The Great San Francisco Earthquake of 1906 offer a clear case study on this. The tragic dilemma faced was that if insurance claims were not paid the city would be lost. If paid, many insurers could become insolvent. It was found that around 28,000 buildings were destroyed, and out of the total population of 4 lakhs, more than 225,000 people became homeless. Giving a powerful signal to insurers the City’s Real Estate Board passed a resolution that the calamity should be spoken of as ‘the great fire’ and not as ‘the great earthquake.’ (San Francisco Chronicle, April 25, 1906). Hence the citizens took great care to refer to the “fire,” not the “earthquake” because most of those insured had only fire cover. This was owing to the fear that there could be fine print excluding damage by earthquake hidden in the policy. Some insured were reported to have deliberately put fire during the chaos to their own quake-damaged houses, in an effort to perfect their insurance claims.

So, the question was whether the 137 insurers and 17 reinsurers that had underwritten over $250 million of San Francisco property risks escape liability on the ground that the city’s devastation had been caused by an excluded peril? The earthquake had struck shortly after 5 am on April 18. The tremors caused stoves and chimneys to topple, gas lines to break, fuel and chemical tanks to rupture and electric wires to fall. Some reports, may be wrongly, had concluded that no more than 10% of the damage was caused by the quake and the immediate fires. However, there were many “fires” across the city – 35 to 40 of them. It was possible that many of the fires involved the intervention of some human agency—arson, dynamiting, back-firing, or plain inadvertence and negligence. In 1906 most homes were made of wood, and had wood/ coal stoves, brick chimneys.

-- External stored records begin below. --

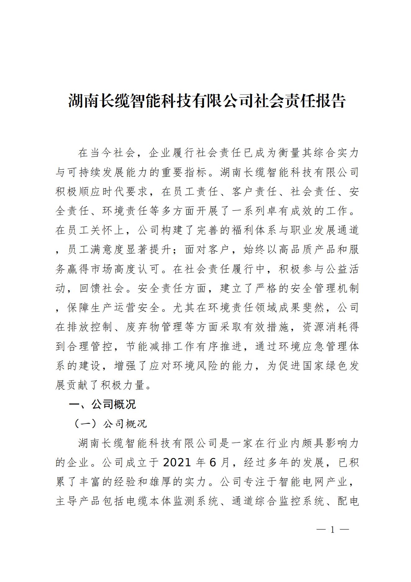 湖南長(zhǎng)纜智能科技有限公司社會(huì)責(zé)任報(bào)告信息公示
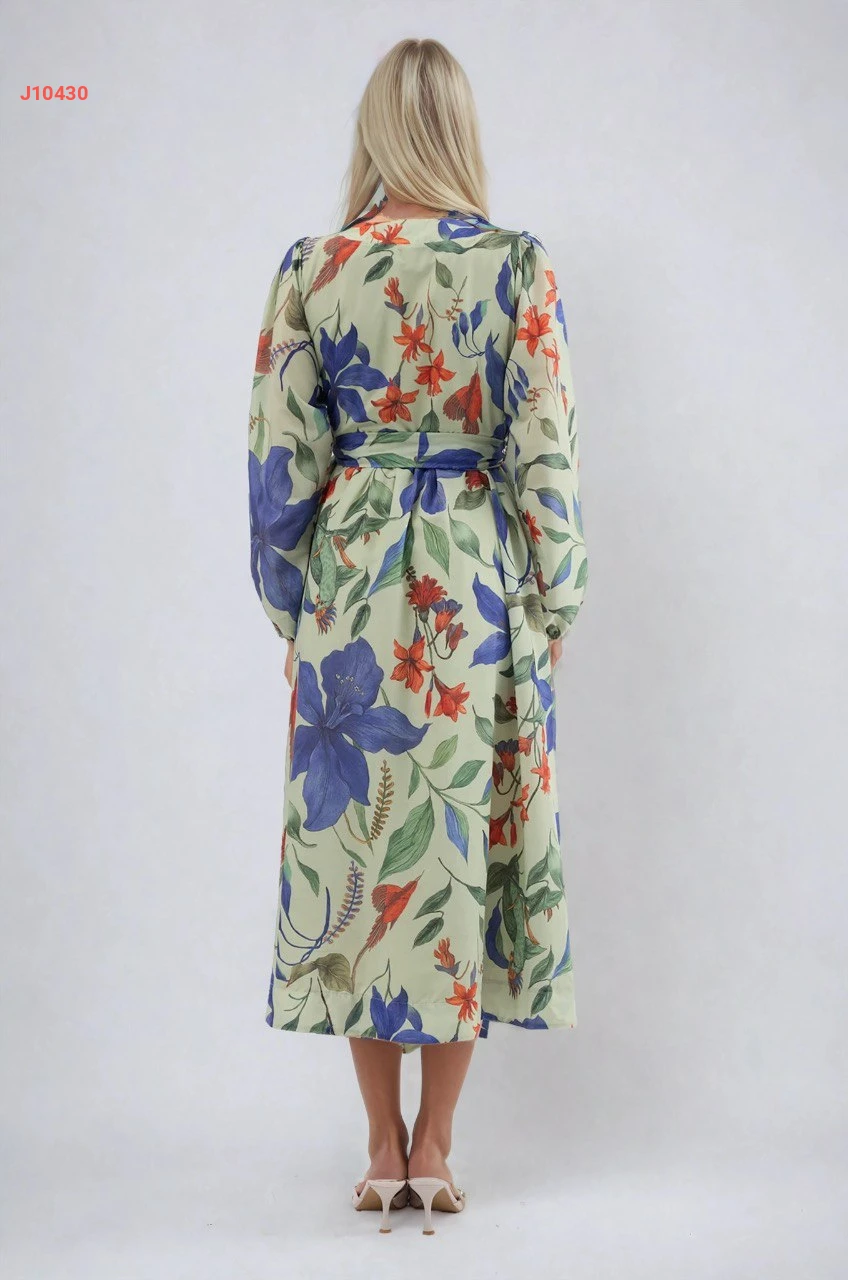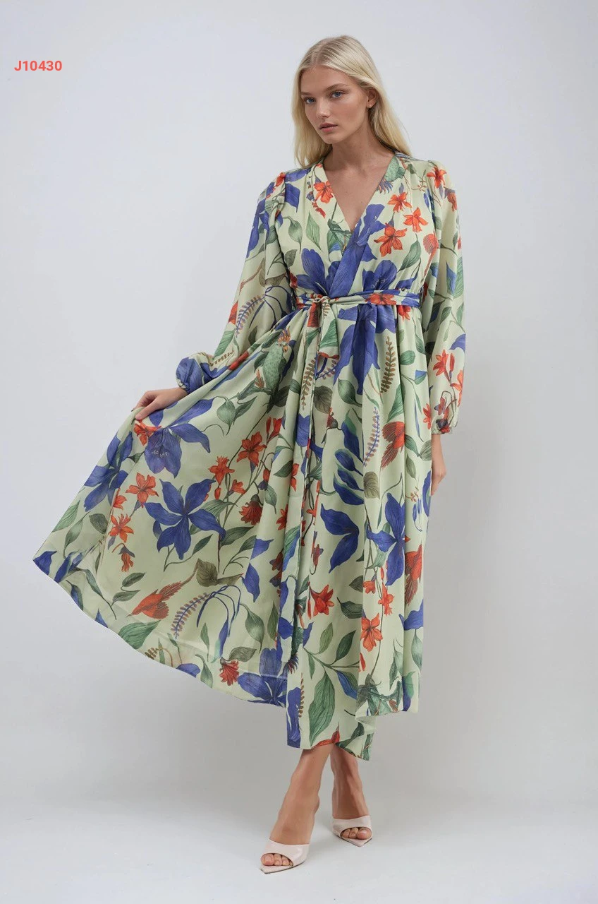 فستان منقوش ورد مع زنار
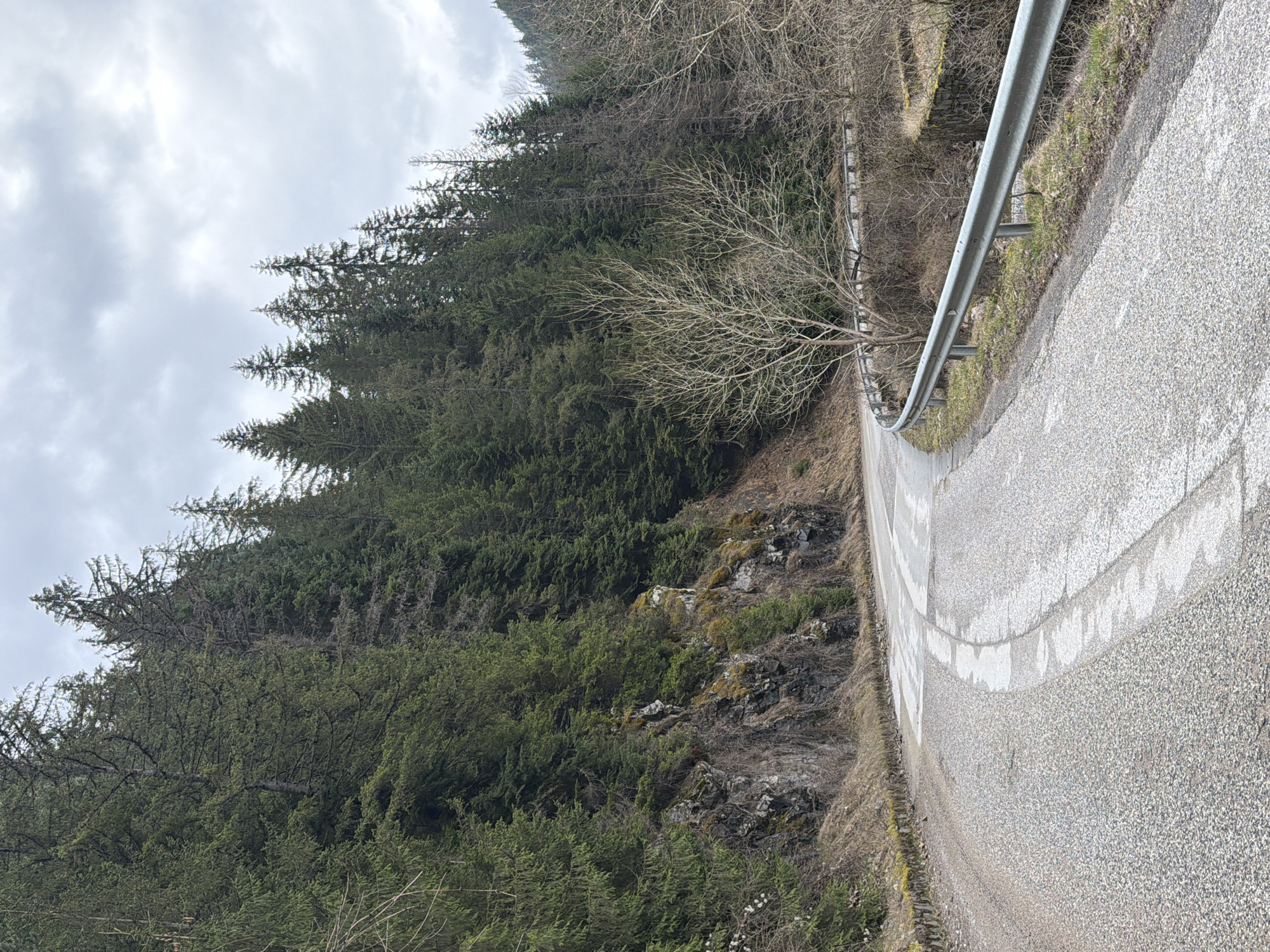 The image depicts a winding road in a forested area, likely a mountainous region. The road is asphalt, with faded white markings along the edges. A metal guardrail runs along the side of the road. On the left, a steep slope is covered with a dense forest of evergreen trees and bare trees, and some rocky outcrops. The sky is overcast. The location is potentially near Shiroka Laka, Bulgaria, given the landscape's characteristics. There are no people or moving objects visible in the image.
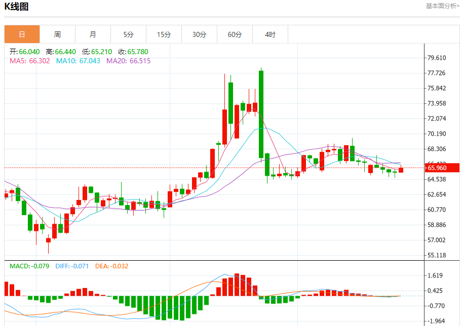 原油市场:截止北京时间20:23,美油上涨,现报65.960,涨幅1.09%。纽市盘前,(原油)价格在最后一个交易日以有限的涨幅结算,利用(RSI)上出现的积极信号,这有助于其重新测试65.60美元的关键阻力位。
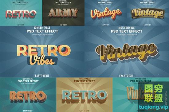 图穷联盟PS素材 » 9款复古3D文字特效PSD模板Vintage 3D Text Effect Bundle
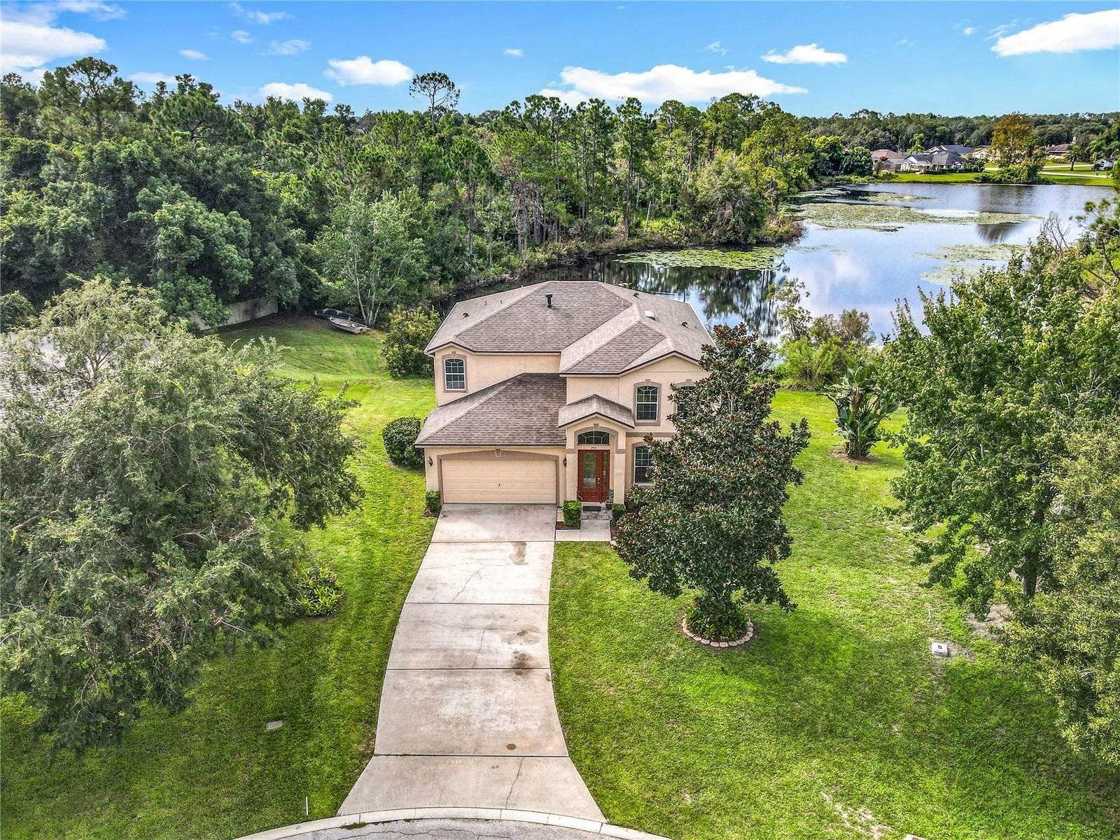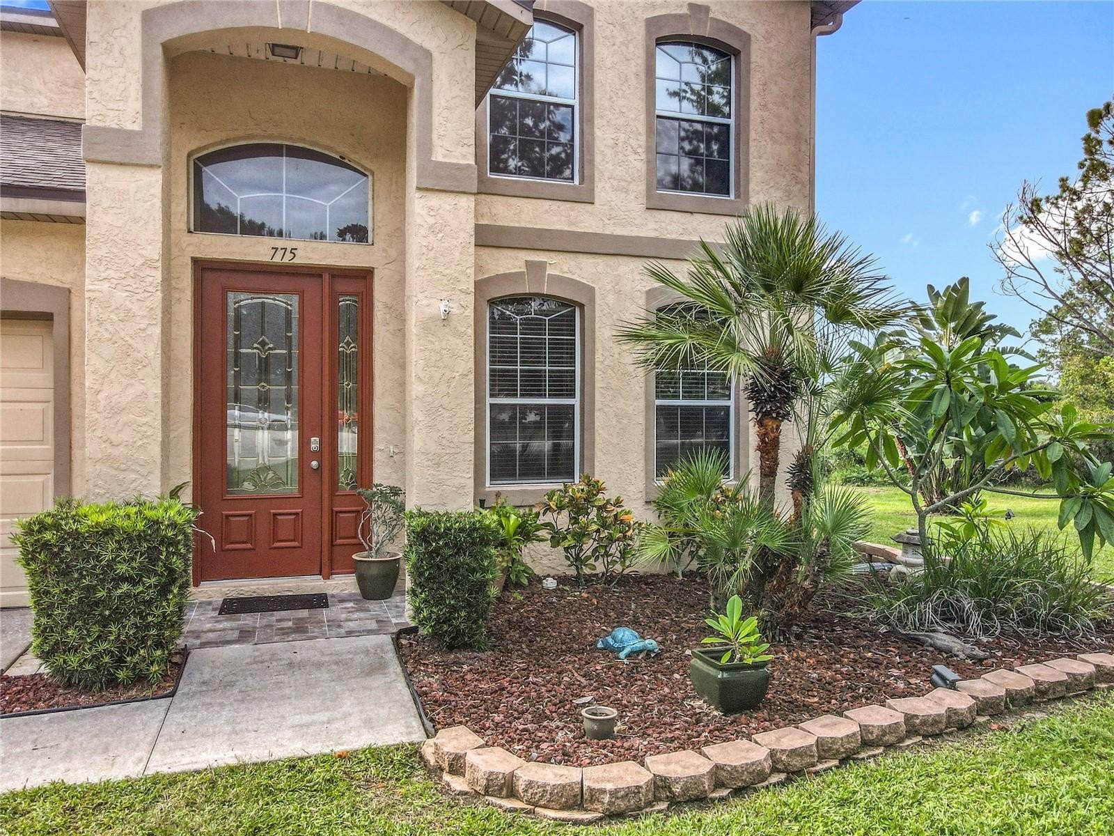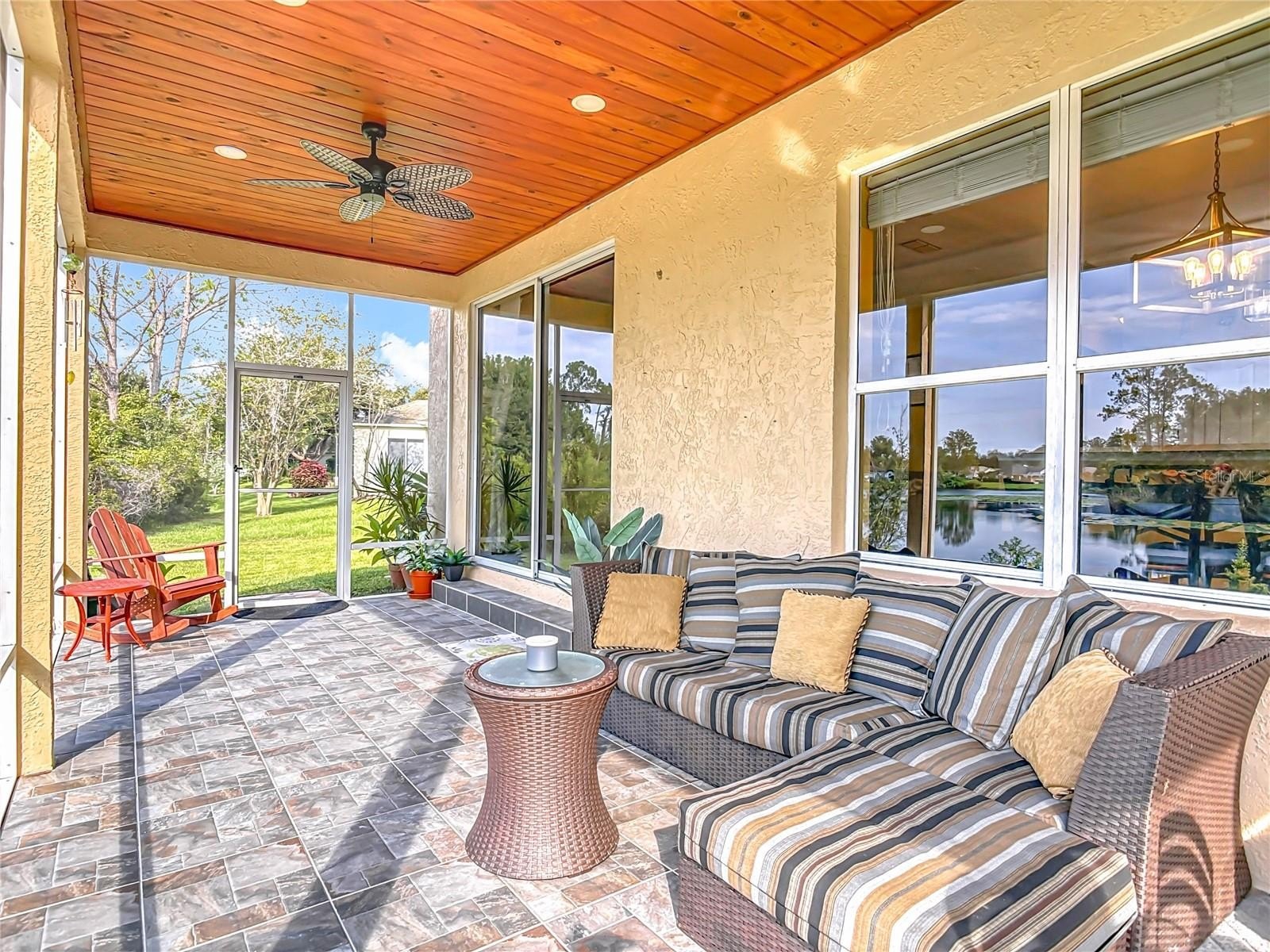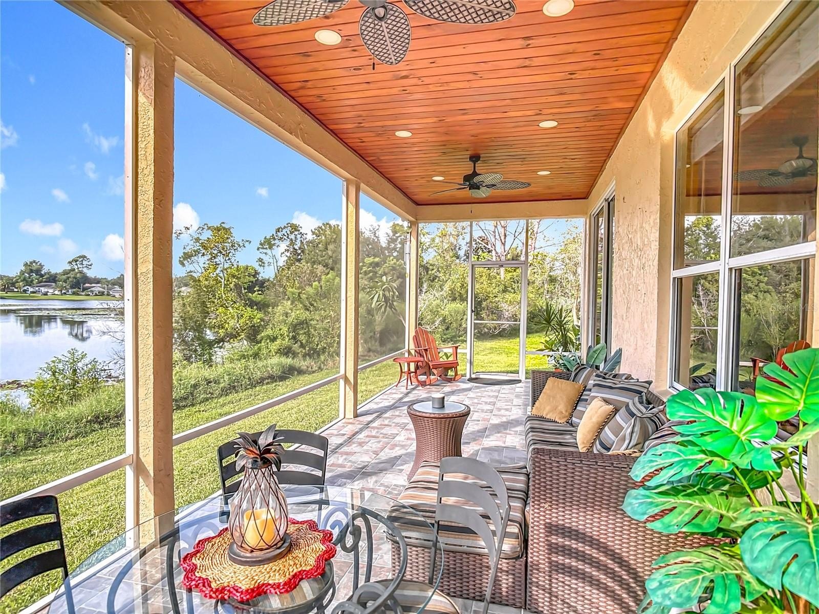 Lakefront Living – 4 Bedrooms + Office – Gated Community – Cul-de-Sac Lot tucked away on a quiet cul-de-sac in a gated neighborhood, this lakefront home offers incredible views and plenty of room to live and entertain. The large, landscaped lot provides wide side yards—perfect for everyone, pets, and outdoor fun. Step inside through the beautiful 8’ leaded-glass front door and into a bright living room with soaring 19’ ceilings and lots of windows. The main level features two separate living areas, a full bedroom and bath, a spacious kitchen and dining area, plus a private office/bonus room with elegant glass pocket doors. The heart of the home is the 540 SF open kitchen, family, and dining space. With a new gas range, dining bar, and direct access to the screened lanai, it’s an ideal gathering place. The lanai offers serene lake and nature preserve views, tile floors, ceiling fans, and a wood tongue-and-groove ceiling—true Florida living indoors and out.

The earthquake happened at about 5:15 a.m., so people shocked at the tremor could not go back to sleep and put on their stoves to prepare breakfast. The fire so started spread all over the house as the chimneys were blocked/ knocked off. It was thus even called “Ham and Eggs Fire.” It eventually burned over a very large area of the city. Many of these fires joined into a mega fire that became a wall of flame over a mile-and-a-half wide, with smoke up to five miles high, visible across the entire San Francisco Bay. The water mains had broken in about 300 places, leaving the city without the resources to quench the fire. The fire largely burned itself out on April 21.

 Behaviour of Insurers

1.      Legends were made because of some insurers such as Cuthbert Heath of Lloyd’s who had sent a cable to his office in San Francisco to the effect that they offer to pay all policyholders in full irrespective of the terms of their policies. It is said to have paid $100 million, a staggering sum in those days. It created a massive goodwill for Lloyd's.

2.      Some other insurers, particularly from Europe, “infamously” offered 75% compromises, or denied coverage, or abandoned the California market altogether.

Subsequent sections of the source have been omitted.